RNA extraction and qRT-PCR
RNA was extracted by Zymo Direct-zol RNA Miniprep (catalog no. R2051). A total of 1 μg of total RNA was reverse transcripted to cDNA by Applied Biosystems TaqMan High-Capacity RNA-to-cDNA Kit (Thermo Fisher Scientific, catalog no. 43-874-06) in 20 μL system. A total of 1 μL product was used for qPCR in 10 μL system by Taqman mastermix (Thermo Fisher Scientific, catalog no. 4369016). Amplification was assessed by QuantStudio 3 Real-Time PCR System.
Flow cytometry analysis
Cell lines were first stained with fixative live/dead cell stain (Thermo Fisher Scientific, catalog no. 50-112-1528) room temperature for 8 minutes to stain the dead cells. They were then stained with fluorophore-conjugated antibodies (in FACS buffer) for 20 minutes on ice. Samples were washed with FACS buffer (2% FBS in PBS). Stained samples were analyzed using BDFACS Canto. Data were analyzed using FlowJo.
Mouse tissues were minced and digested at 37°C for 1 hour (100 units/mL collagenase, Thermo Fisher Scientific, catalog no. 17104019, 10 μg/mL DNase I Sigma, catalog no. DN25, 10% heat-inactivated FBS in RPMI) to dissociate cells. Red blood cells were lysed in the dissociated tissue with ACK lysis buffer (Thermo Fisher Scientific, catalog no. A1049201). Then tissues were passed through 70 μm cell strainer to generate single-cell suspension. Cells were stained with fixative live/dead cell stain at room temperature for 8 minutes. Then they were incubated with CD16/32 antibody (BioLegend, catalog no. 101320) for 20 minutes on ice. Next, they were incubated with fluorophore-conjugated antibodies diluted in FACS buffer for 20 minutes on ice to stain for surface markers. Samples were then washed with FACS buffer after every incubation with fixative dye or antibody. For the intracellular markers, intracellular staining protocol was followed after surface staining.

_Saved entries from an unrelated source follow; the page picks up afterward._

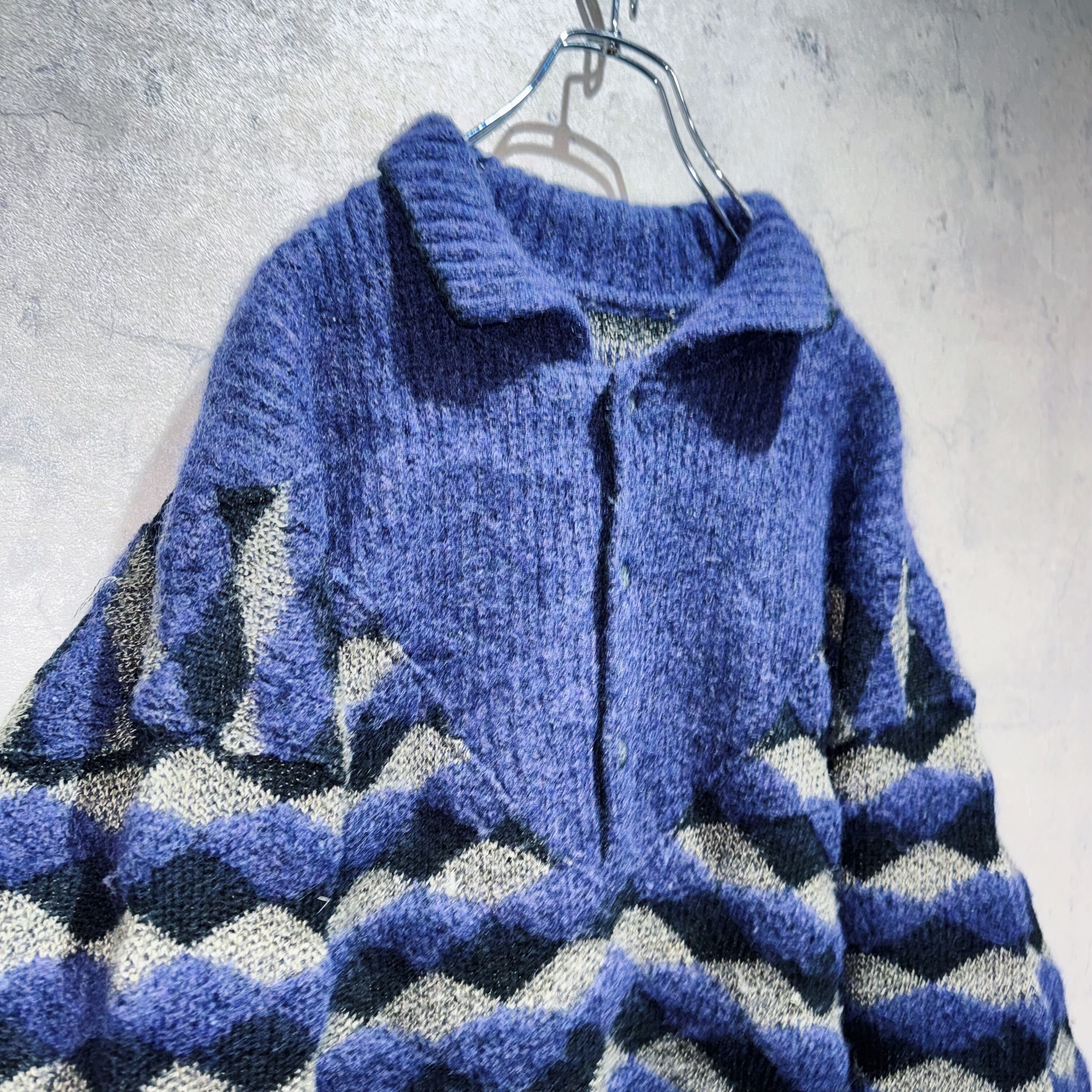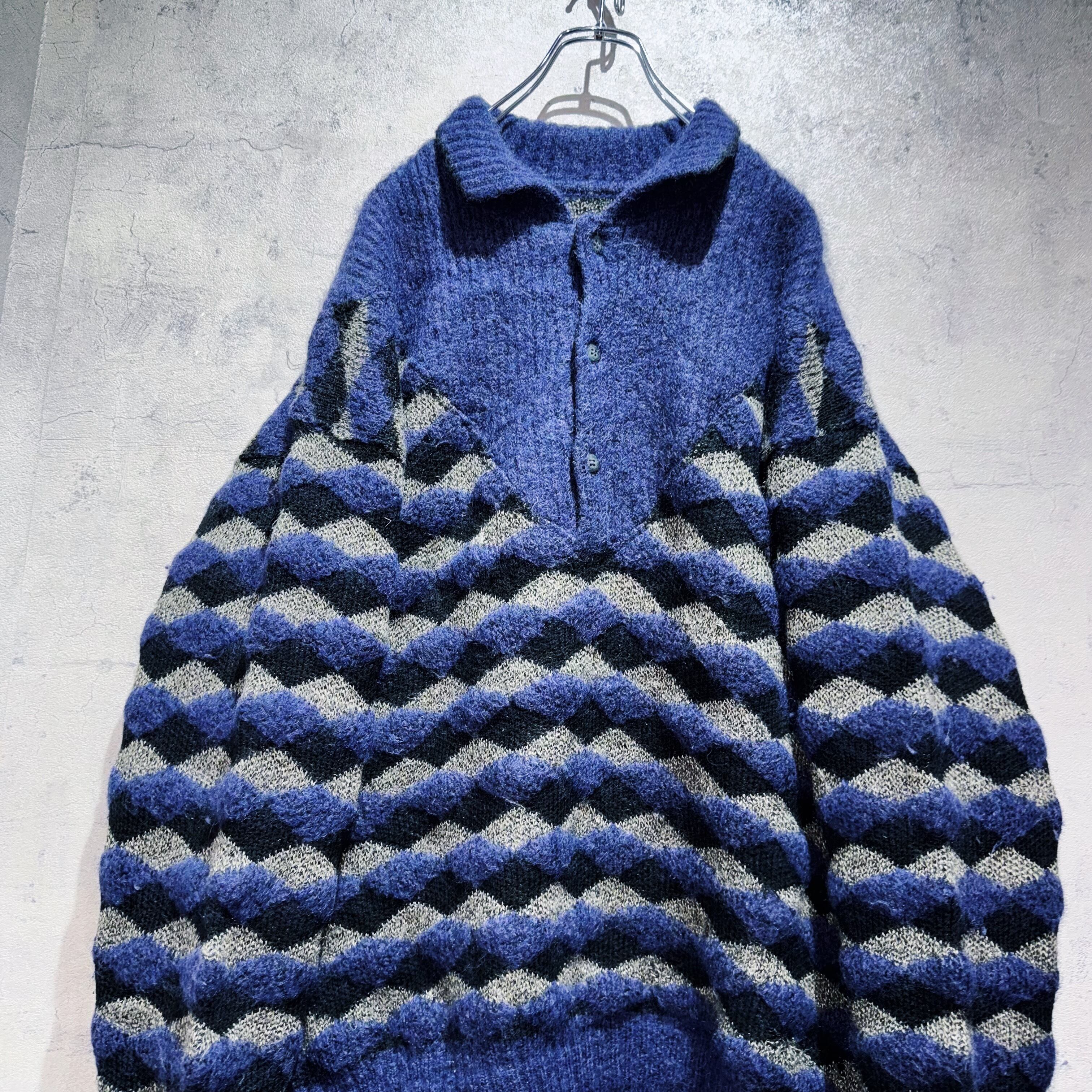ヴィンテージスイッチングカラーデザインモヘアポロニット
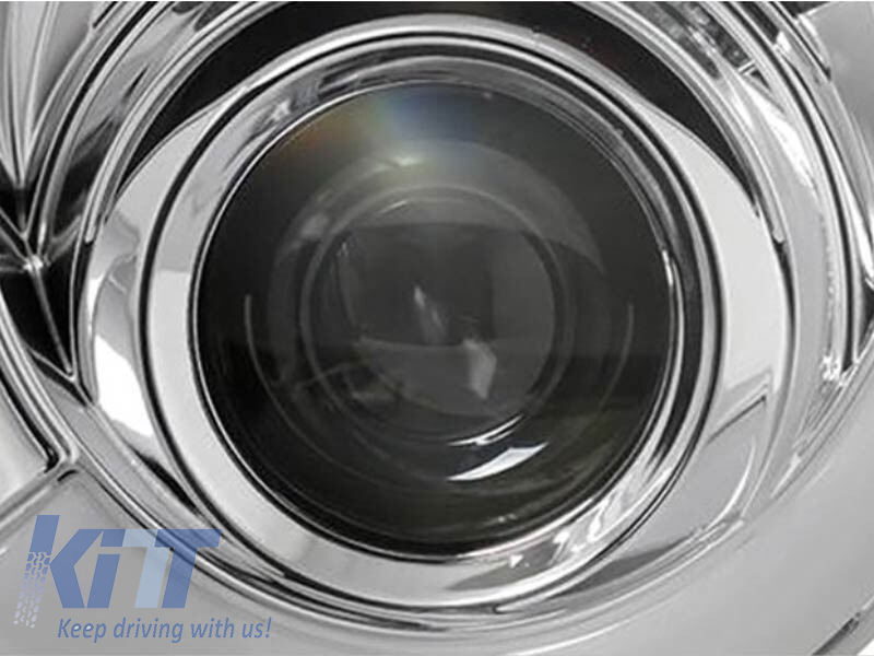 Set de faruri de tuning cu lumini LED potrivit pentru Jeep Grand Cherokee 2005-2008 cu bază cromată, stânga și dreapta Performance AutoTuning
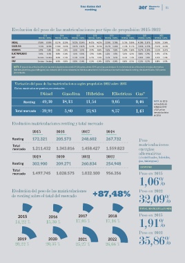 Evolución del peso de las matriculaciones por tipo de propulsión 2015-2022
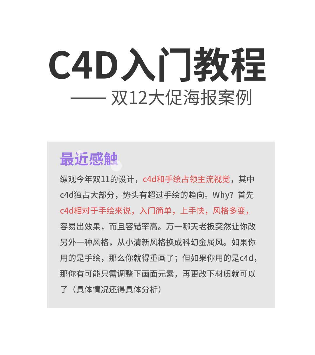 纵观今年双11的设计,C4D和手绘占领主流视觉,其中c4d独占大部分,势头有超过手绘的趋势。WHY?首先c4d相对于手绘来说,入门简单,上手快,风格多变,容易出效果,而且容错率高......那么,接下来作者就教大家使用AI结合C4D结合PS制作双12大促海报,AI主要是造字,c4d用到的知识点有文字挤压、样条扫描以及打光&材质制作,PS是后期处理,具体步骤如下。
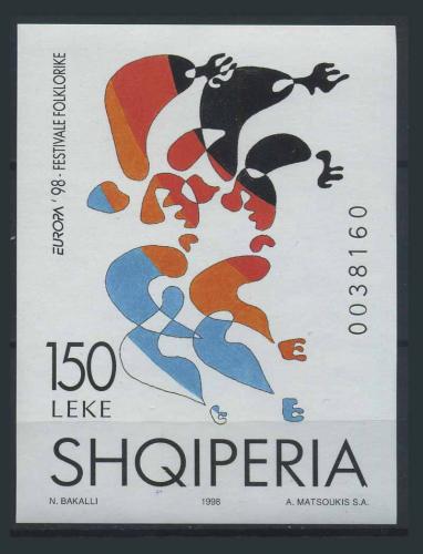 Почтовые марки. Албания. 1998 г. № Бл. 112. Европа. Фестиваль фольклора.
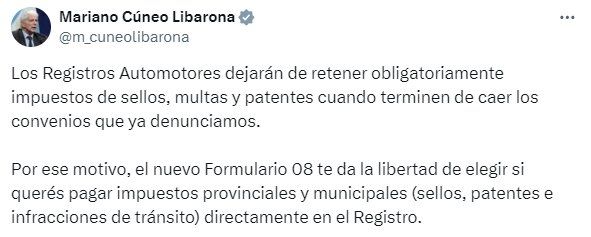 Esta mañana, el ministro de Justicia de la Nación, Mariano Cúneo Libarona, anunció la creación de un nuevo formulario 08 (Contrato de transferencia e inscripción de dominio) que les permite a los propietarios de vehículos elegir si desean o no pagar impuestos provinciales y municipales en el registro.
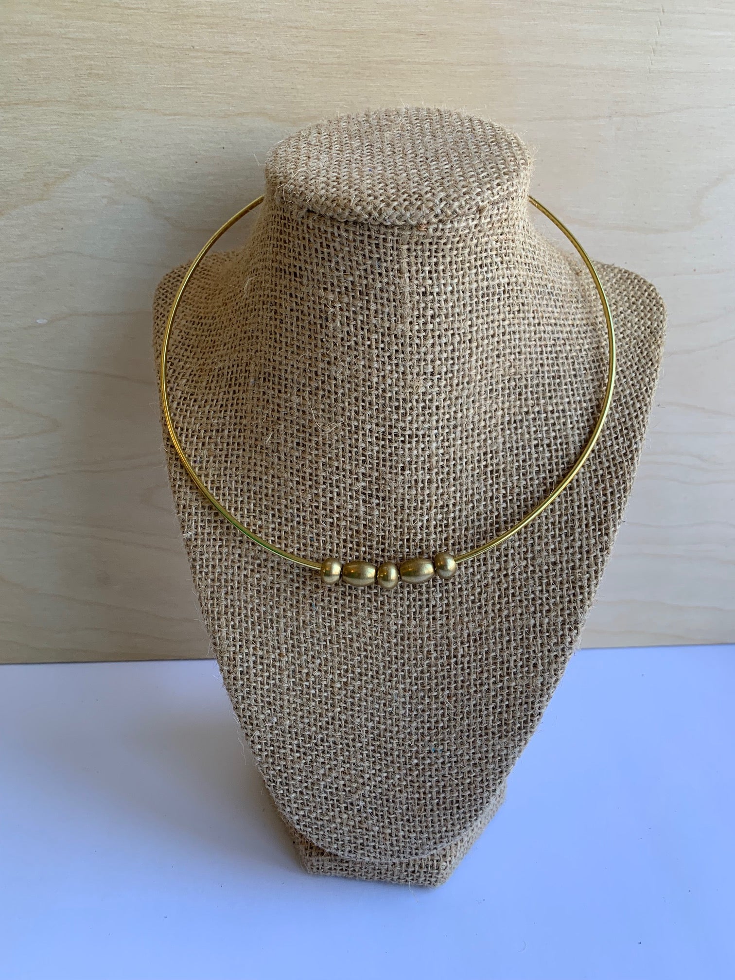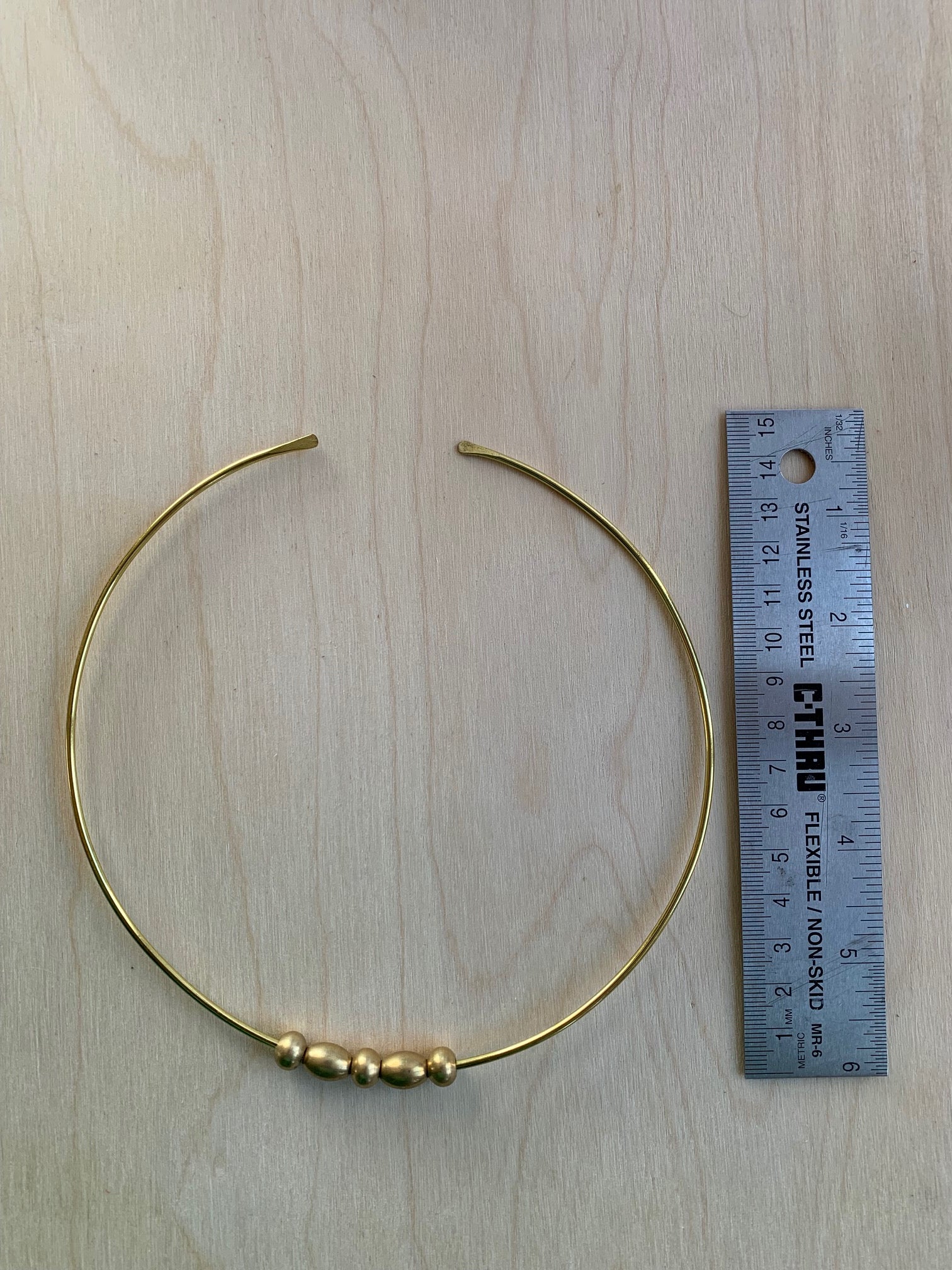hand formed/hammered solid brass with solid brass beads.
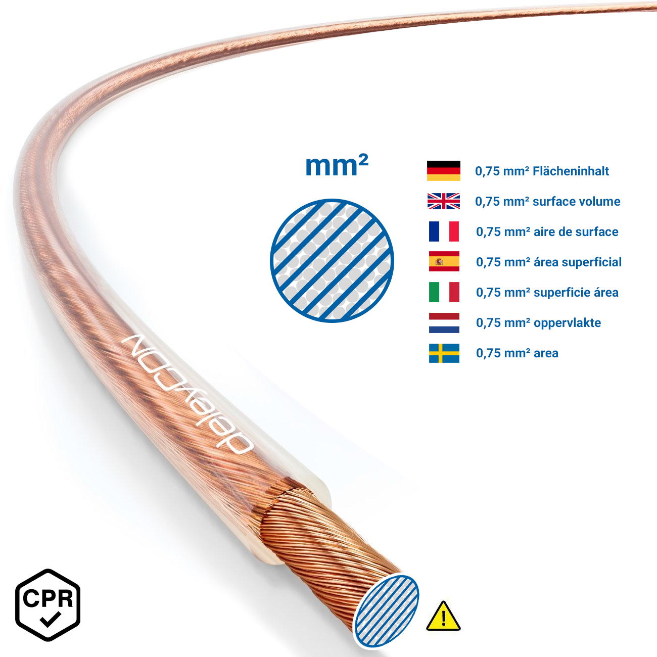 deleyCON 50m Lautsprecherkabel 2x0,75mm² CCA 24x0,20mm Litze BauPVO Transparent
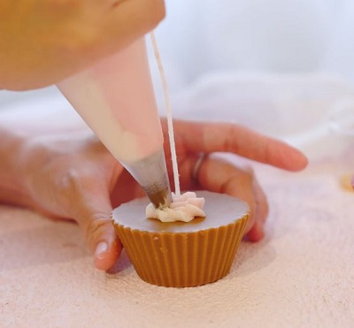 Đun nóng chảy sáp đậu nành trong cốc, chờ cho sáp đậu nành nguội dần, sệt lại. Bạn dùng máy đánh trứng, đánh cho tơi sáp lên, cho phần sáp này vào túi bắt kem. Dùng hai túi khác nhau cho hai màu (nếu thích). Cắt đầu túi thứ ba, cho chuôi bắt kem vào; sau đó cho cả hai túi sáp này vào túi đã có sẵn chuôi. Bắt đầu bắt sáp từ tâm ra xung quanh.
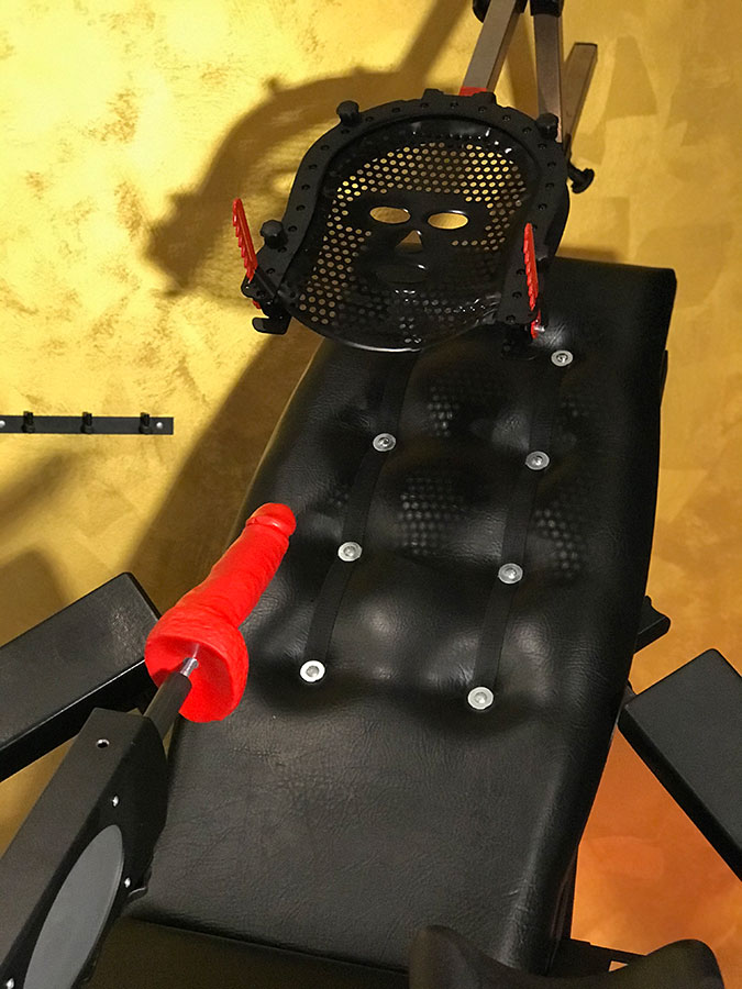 Diese Latex Gesichtsmaske kann an einer Vielzahl unserer BDSM Möbel angebracht werden, vom Gynstuhl über den Sklavenstuhl bis hin zur Bonde Liege.

Intracellular staining was performed by eBioscience Foxp3/Transcription Factor Staining Buffer Set (Thermo Fisher Scientific, catalog no. 00-5523-00). Samples were permeabilized with fixation/permeabilization buffer at 4°C overnight. Then they were incubated with fluorophore-conjugated antibodies (IFNγ, Ki67, granzyme B) diluted in FACS buffer for 20 minutes on ice. Samples were washed with permeabilization buffer after every incubation with antibody. All antibodies were diluted in permeabilization buffer.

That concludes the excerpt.